== Segment start ==

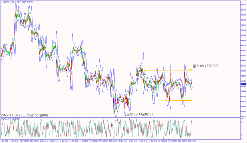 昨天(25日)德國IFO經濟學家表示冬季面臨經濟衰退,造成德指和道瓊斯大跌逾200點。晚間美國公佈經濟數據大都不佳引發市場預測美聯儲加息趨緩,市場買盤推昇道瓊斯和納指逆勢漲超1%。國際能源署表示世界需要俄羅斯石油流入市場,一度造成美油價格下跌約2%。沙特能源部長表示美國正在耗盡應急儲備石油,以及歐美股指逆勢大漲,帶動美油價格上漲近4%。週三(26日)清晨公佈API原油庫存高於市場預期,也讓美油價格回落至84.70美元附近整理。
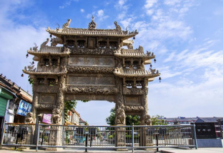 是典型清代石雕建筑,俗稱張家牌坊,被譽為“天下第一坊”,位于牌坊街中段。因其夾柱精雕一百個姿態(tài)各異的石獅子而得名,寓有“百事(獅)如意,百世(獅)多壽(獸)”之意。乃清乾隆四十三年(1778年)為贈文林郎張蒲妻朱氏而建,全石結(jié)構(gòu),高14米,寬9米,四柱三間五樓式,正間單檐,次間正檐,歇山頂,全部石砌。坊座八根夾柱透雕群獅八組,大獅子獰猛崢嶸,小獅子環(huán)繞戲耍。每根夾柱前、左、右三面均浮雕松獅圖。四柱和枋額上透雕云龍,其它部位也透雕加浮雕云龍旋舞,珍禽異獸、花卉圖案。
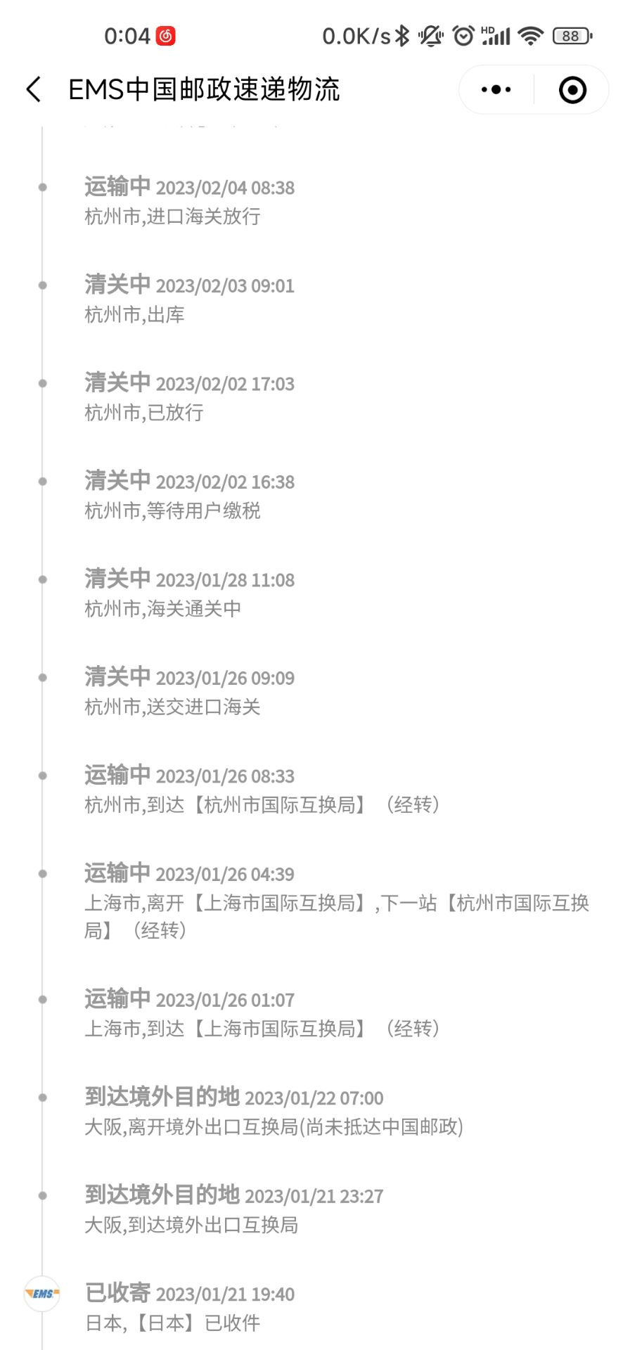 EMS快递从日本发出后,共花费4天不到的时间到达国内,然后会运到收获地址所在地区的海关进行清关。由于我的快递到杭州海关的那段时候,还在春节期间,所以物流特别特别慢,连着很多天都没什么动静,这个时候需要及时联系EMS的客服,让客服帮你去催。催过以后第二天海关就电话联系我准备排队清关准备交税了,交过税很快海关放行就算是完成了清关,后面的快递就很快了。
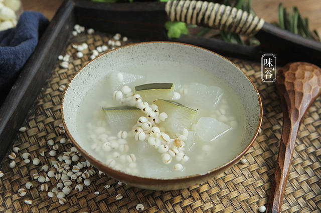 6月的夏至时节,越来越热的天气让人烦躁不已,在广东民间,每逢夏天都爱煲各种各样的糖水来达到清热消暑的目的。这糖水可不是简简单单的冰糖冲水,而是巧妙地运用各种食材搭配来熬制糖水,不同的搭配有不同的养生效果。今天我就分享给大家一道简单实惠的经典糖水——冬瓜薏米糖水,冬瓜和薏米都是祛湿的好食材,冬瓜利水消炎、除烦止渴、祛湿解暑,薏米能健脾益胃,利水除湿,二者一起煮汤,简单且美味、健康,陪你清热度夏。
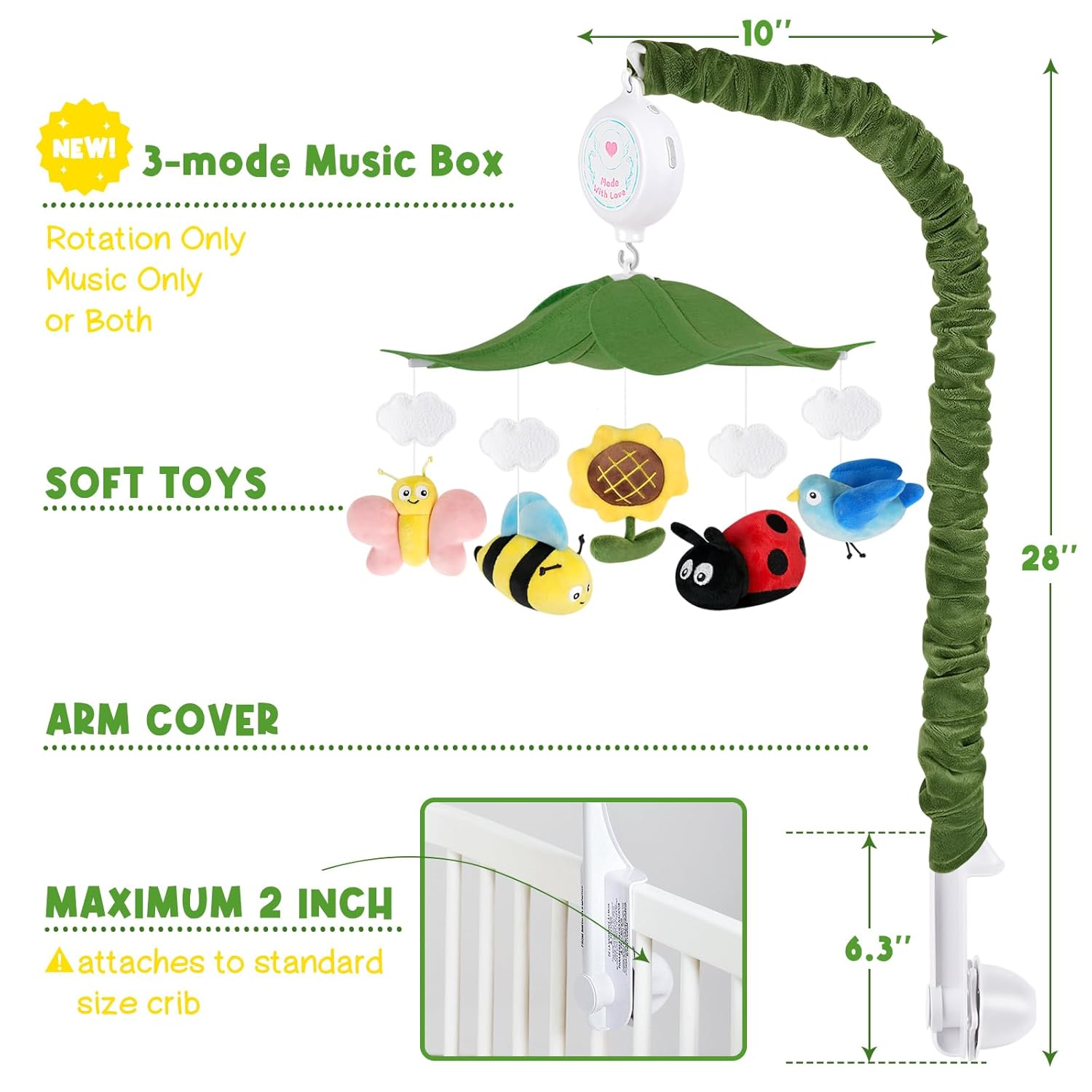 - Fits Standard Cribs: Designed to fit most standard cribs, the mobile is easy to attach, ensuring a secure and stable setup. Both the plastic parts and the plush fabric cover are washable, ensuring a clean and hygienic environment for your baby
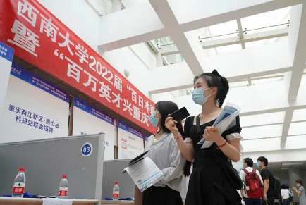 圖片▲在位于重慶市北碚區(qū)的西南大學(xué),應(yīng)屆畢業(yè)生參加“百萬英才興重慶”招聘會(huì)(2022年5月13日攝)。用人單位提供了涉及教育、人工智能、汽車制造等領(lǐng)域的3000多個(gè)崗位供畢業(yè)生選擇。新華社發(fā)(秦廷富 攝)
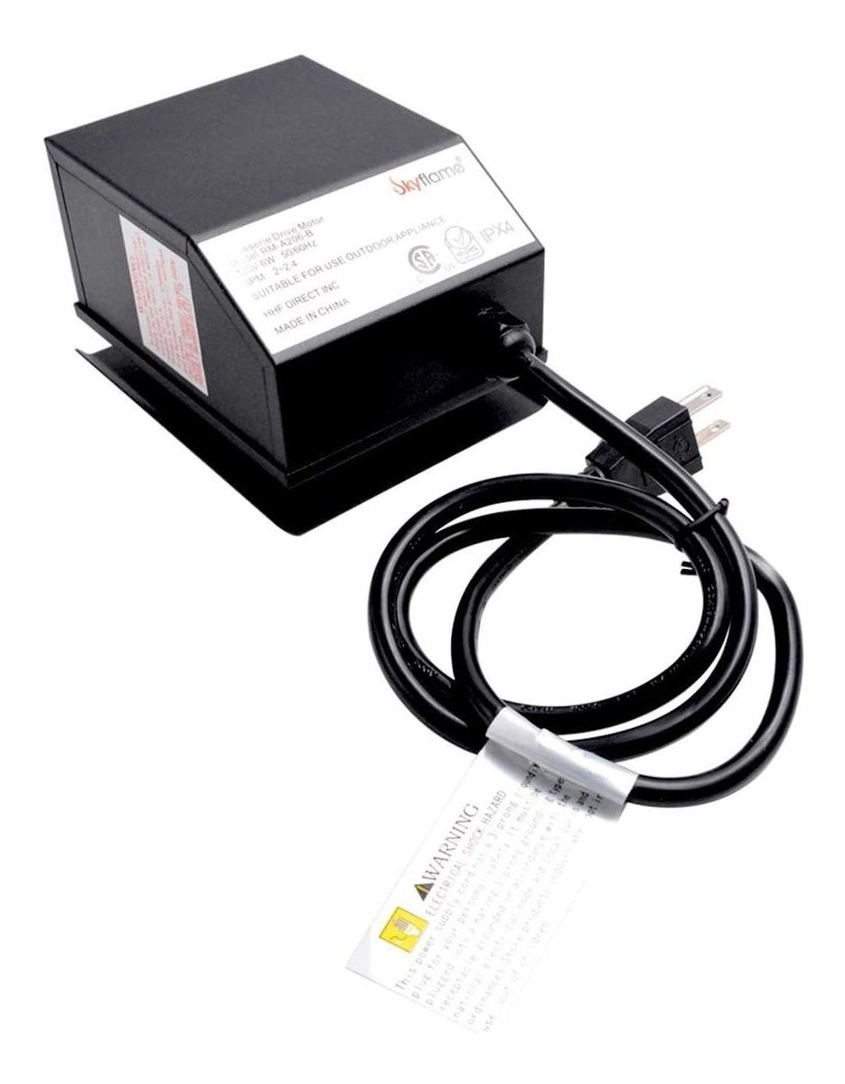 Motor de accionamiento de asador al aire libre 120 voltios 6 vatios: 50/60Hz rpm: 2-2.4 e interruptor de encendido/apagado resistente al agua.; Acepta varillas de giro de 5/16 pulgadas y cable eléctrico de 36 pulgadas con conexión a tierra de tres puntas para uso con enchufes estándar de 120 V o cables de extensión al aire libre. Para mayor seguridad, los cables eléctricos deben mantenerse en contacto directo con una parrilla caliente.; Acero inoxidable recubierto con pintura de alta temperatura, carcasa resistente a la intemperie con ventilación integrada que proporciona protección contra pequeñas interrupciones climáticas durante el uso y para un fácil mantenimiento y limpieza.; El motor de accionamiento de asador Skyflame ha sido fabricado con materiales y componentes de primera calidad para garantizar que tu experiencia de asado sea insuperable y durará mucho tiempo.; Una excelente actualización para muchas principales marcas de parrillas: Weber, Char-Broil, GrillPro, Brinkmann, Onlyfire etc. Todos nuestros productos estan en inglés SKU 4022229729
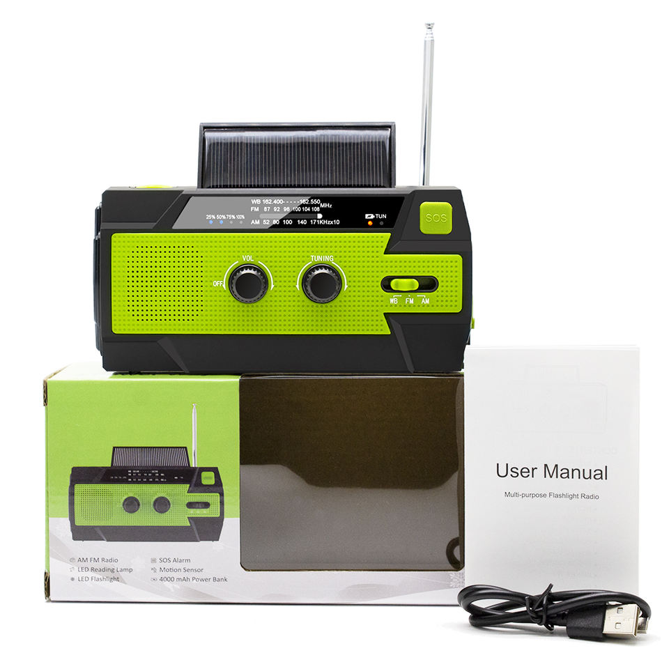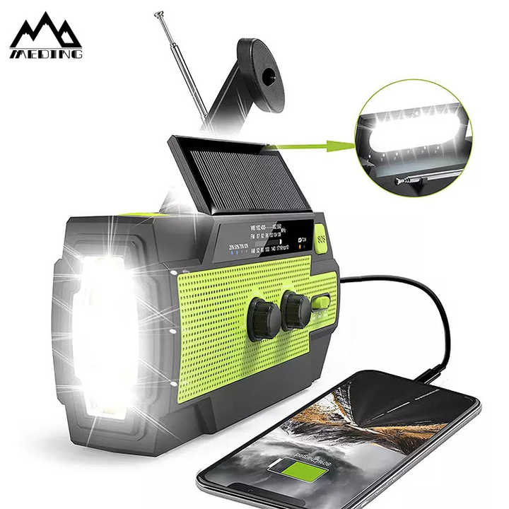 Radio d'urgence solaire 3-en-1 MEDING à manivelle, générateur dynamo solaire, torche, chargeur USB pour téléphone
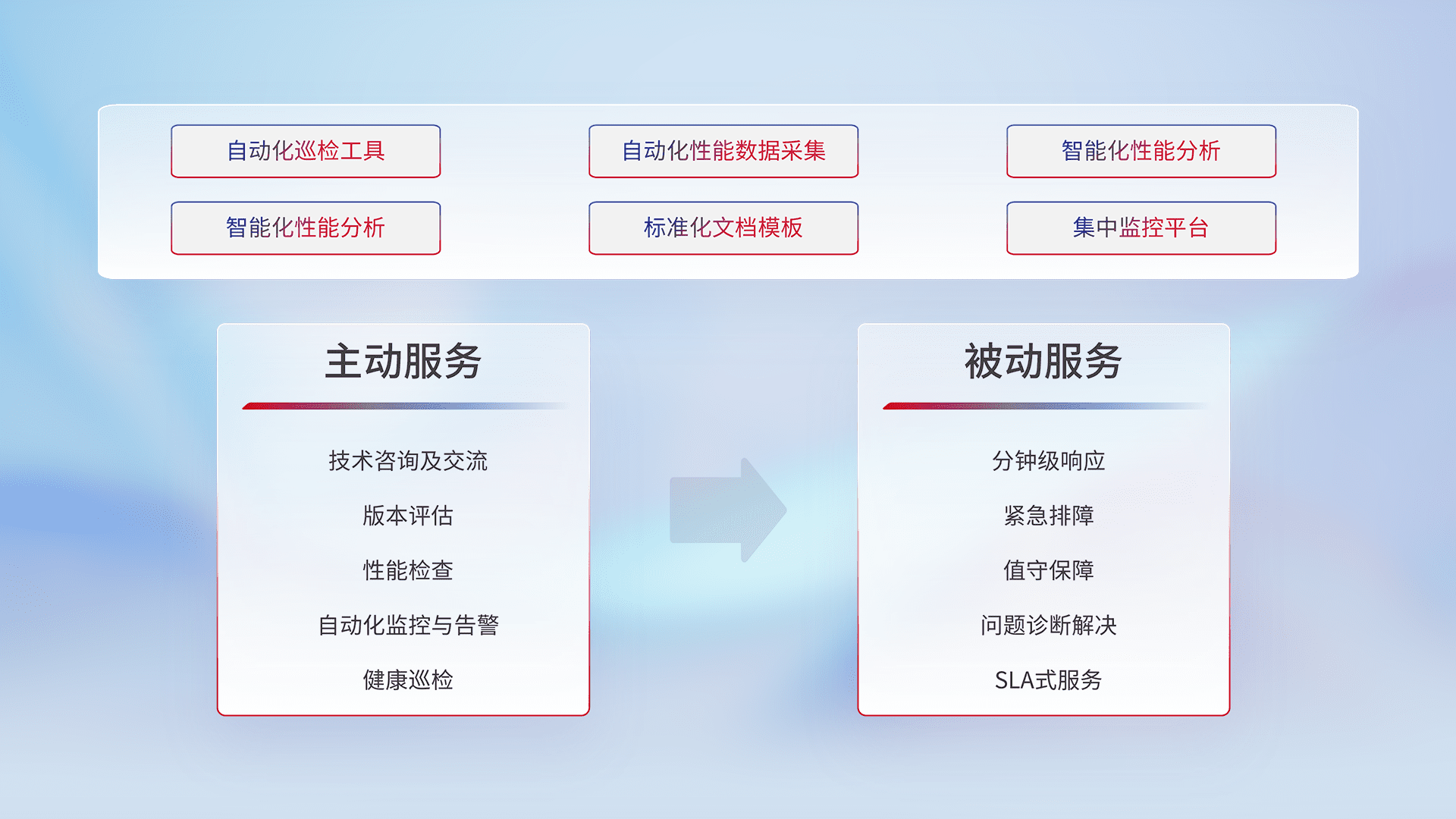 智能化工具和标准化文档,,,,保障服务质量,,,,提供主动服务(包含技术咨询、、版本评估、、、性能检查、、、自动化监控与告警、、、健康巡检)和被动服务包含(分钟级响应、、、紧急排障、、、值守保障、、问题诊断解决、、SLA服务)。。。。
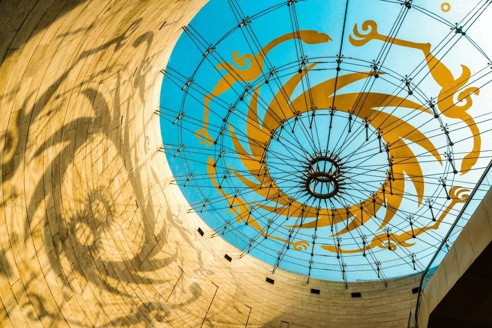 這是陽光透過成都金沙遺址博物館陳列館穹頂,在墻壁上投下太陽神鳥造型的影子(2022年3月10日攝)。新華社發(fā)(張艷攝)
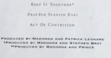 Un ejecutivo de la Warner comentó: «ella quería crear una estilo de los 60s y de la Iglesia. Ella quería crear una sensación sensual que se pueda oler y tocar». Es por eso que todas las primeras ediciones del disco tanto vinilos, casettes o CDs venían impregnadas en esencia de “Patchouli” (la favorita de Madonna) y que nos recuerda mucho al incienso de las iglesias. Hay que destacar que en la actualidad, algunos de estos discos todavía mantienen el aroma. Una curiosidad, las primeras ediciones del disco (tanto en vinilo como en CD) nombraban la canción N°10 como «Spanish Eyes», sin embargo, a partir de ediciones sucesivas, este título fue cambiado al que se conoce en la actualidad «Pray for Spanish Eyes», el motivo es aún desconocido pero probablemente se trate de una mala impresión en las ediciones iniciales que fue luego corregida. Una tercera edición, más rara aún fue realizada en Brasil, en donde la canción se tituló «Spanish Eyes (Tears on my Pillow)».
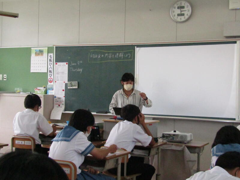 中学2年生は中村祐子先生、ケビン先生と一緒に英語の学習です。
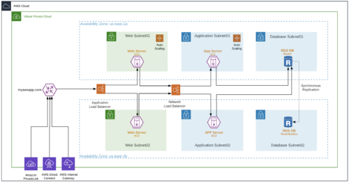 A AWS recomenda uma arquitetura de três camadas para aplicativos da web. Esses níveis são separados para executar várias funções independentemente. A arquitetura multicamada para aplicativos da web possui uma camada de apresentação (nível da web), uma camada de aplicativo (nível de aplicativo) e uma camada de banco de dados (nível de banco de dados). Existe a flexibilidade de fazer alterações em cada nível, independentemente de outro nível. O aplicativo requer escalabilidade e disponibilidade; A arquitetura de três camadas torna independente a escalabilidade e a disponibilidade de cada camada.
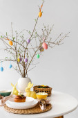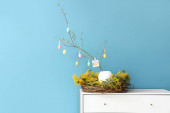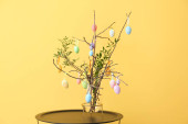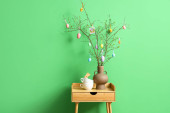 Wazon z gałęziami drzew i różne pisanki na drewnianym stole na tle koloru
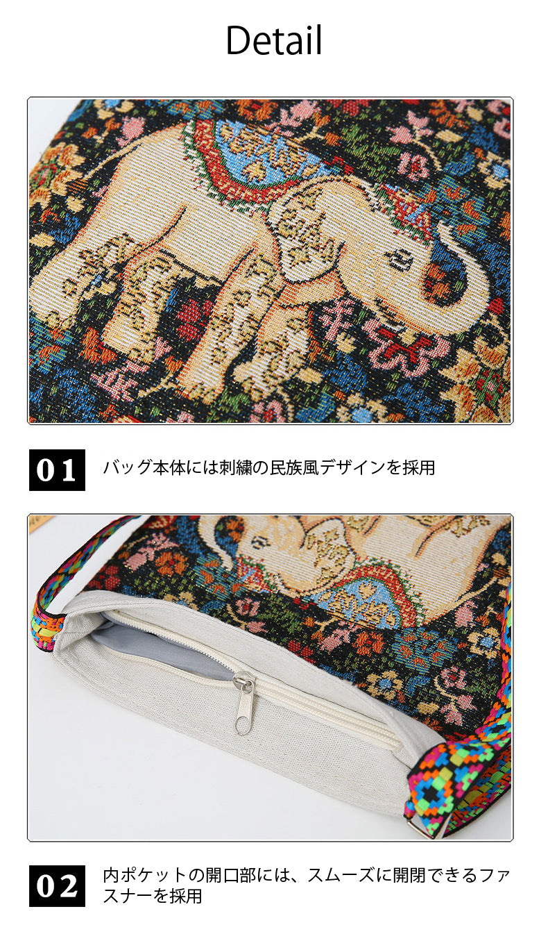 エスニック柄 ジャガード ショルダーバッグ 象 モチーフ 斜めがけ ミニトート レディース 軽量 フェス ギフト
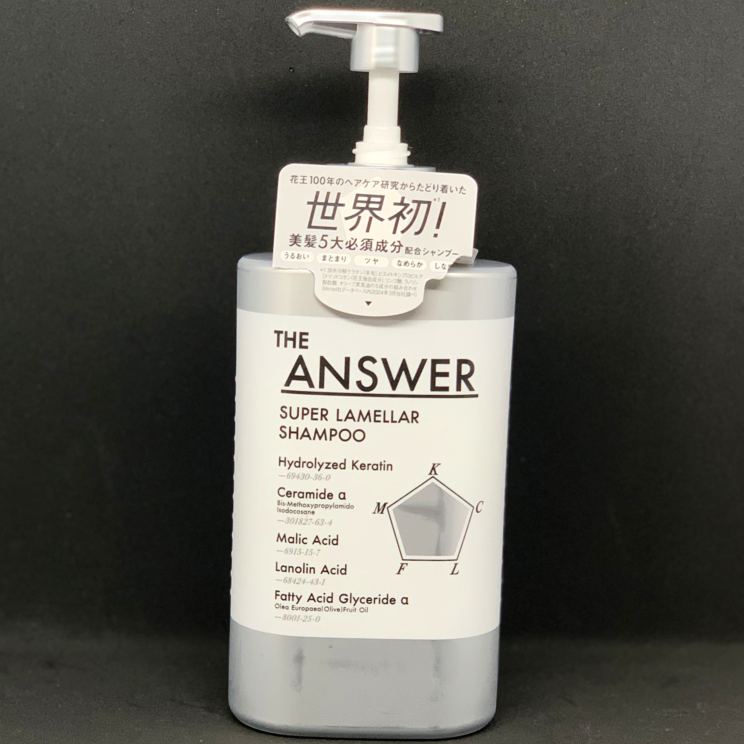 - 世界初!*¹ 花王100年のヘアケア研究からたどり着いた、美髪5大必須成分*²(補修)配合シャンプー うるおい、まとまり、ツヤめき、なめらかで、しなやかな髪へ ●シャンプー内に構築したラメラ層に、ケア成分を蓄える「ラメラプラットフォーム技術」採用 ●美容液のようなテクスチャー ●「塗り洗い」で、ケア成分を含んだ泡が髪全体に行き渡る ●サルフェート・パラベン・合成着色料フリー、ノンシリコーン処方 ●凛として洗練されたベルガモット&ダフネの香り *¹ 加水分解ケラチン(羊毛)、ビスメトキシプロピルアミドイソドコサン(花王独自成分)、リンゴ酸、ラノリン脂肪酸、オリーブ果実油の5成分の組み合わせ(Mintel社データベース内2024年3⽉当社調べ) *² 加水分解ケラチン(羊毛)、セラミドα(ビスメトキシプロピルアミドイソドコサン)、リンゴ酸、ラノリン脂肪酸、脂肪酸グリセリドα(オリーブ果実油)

== Segment end ==

Everything from the line above that contains "6月的夏至时节,越来越热的天" down to the line that contains "圖片▲在位于重慶市北碚區(q" must be reproduced exactly, both ends included. Omit the pictures.

*WRITTEN REPLY:*
 6月的夏至时节,越来越热的天气让人烦躁不已,在广东民间,每逢夏天都爱煲各种各样的糖水来达到清热消暑的目的。这糖水可不是简简单单的冰糖冲水,而是巧妙地运用各种食材搭配来熬制糖水,不同的搭配有不同的养生效果。今天我就分享给大家一道简单实惠的经典糖水——冬瓜薏米糖水,冬瓜和薏米都是祛湿的好食材,冬瓜利水消炎、除烦止渴、祛湿解暑,薏米能健脾益胃,利水除湿,二者一起煮汤,简单且美味、健康,陪你清热度夏。
 - Fits Standard Cribs: Designed to fit most standard cribs, the mobile is easy to attach, ensuring a secure and stable setup. Both the plastic parts and the plush fabric cover are washable, ensuring a clean and hygienic environment for your baby
 圖片▲在位于重慶市北碚區(qū)的西南大學(xué),應(yīng)屆畢業(yè)生參加“百萬英才興重慶”招聘會(huì)(2022年5月13日攝)。用人單位提供了涉及教育、人工智能、汽車制造等領(lǐng)域的3000多個(gè)崗位供畢業(yè)生選擇。新華社發(fā)(秦廷富 攝)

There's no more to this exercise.